#### DATA SHOWN:

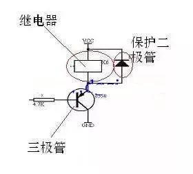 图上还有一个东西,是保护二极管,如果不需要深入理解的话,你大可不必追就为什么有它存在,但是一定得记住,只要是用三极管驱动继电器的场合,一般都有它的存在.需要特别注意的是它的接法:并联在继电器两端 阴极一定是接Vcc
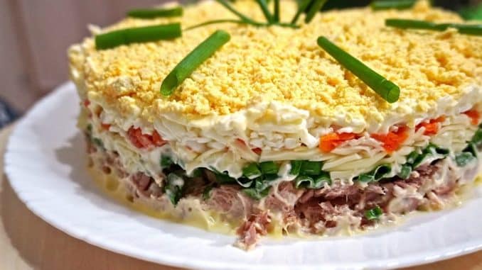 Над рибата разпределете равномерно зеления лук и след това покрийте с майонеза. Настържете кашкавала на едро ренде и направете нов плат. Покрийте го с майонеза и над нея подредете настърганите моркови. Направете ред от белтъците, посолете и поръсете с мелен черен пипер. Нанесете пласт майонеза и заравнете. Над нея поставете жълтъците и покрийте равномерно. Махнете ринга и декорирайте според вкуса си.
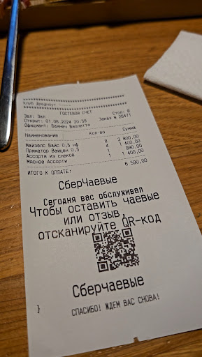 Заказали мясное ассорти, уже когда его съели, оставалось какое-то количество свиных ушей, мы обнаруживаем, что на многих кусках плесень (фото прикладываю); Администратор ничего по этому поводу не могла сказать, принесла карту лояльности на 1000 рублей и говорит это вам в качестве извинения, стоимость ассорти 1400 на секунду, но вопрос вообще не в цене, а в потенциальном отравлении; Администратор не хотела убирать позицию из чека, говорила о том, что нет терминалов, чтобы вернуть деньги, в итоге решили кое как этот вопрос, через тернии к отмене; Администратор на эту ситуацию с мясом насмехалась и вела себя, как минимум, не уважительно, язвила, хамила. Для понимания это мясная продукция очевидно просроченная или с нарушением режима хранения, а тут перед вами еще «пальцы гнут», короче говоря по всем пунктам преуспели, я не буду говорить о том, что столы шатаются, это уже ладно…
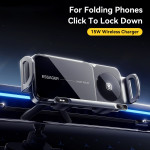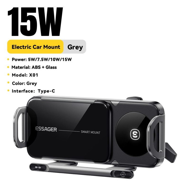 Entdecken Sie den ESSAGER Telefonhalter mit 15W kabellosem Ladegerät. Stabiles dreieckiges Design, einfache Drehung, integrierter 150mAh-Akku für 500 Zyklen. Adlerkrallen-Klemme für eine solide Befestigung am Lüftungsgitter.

#### PROBLEM REQUIREMENTS:
With images left out, the data must be transcribed exactly.

#### EXERCISE RESULT:
 图上还有一个东西,是保护二极管,如果不需要深入理解的话,你大可不必追就为什么有它存在,但是一定得记住,只要是用三极管驱动继电器的场合,一般都有它的存在.需要特别注意的是它的接法:并联在继电器两端 阴极一定是接Vcc
 Над рибата разпределете равномерно зеления лук и след това покрийте с майонеза. Настържете кашкавала на едро ренде и направете нов плат. Покрийте го с майонеза и над нея подредете настърганите моркови. Направете ред от белтъците, посолете и поръсете с мелен черен пипер. Нанесете пласт майонеза и заравнете. Над нея поставете жълтъците и покрийте равномерно. Махнете ринга и декорирайте според вкуса си.
 Заказали мясное ассорти, уже когда его съели, оставалось какое-то количество свиных ушей, мы обнаруживаем, что на многих кусках плесень (фото прикладываю); Администратор ничего по этому поводу не могла сказать, принесла карту лояльности на 1000 рублей и говорит это вам в качестве извинения, стоимость ассорти 1400 на секунду, но вопрос вообще не в цене, а в потенциальном отравлении; Администратор не хотела убирать позицию из чека, говорила о том, что нет терминалов, чтобы вернуть деньги, в итоге решили кое как этот вопрос, через тернии к отмене; Администратор на эту ситуацию с мясом насмехалась и вела себя, как минимум, не уважительно, язвила, хамила. Для понимания это мясная продукция очевидно просроченная или с нарушением режима хранения, а тут перед вами еще «пальцы гнут», короче говоря по всем пунктам преуспели, я не буду говорить о том, что столы шатаются, это уже ладно…
 Entdecken Sie den ESSAGER Telefonhalter mit 15W kabellosem Ladegerät. Stabiles dreieckiges Design, einfache Drehung, integrierter 150mAh-Akku für 500 Zyklen. Adlerkrallen-Klemme für eine solide Befestigung am Lüftungsgitter.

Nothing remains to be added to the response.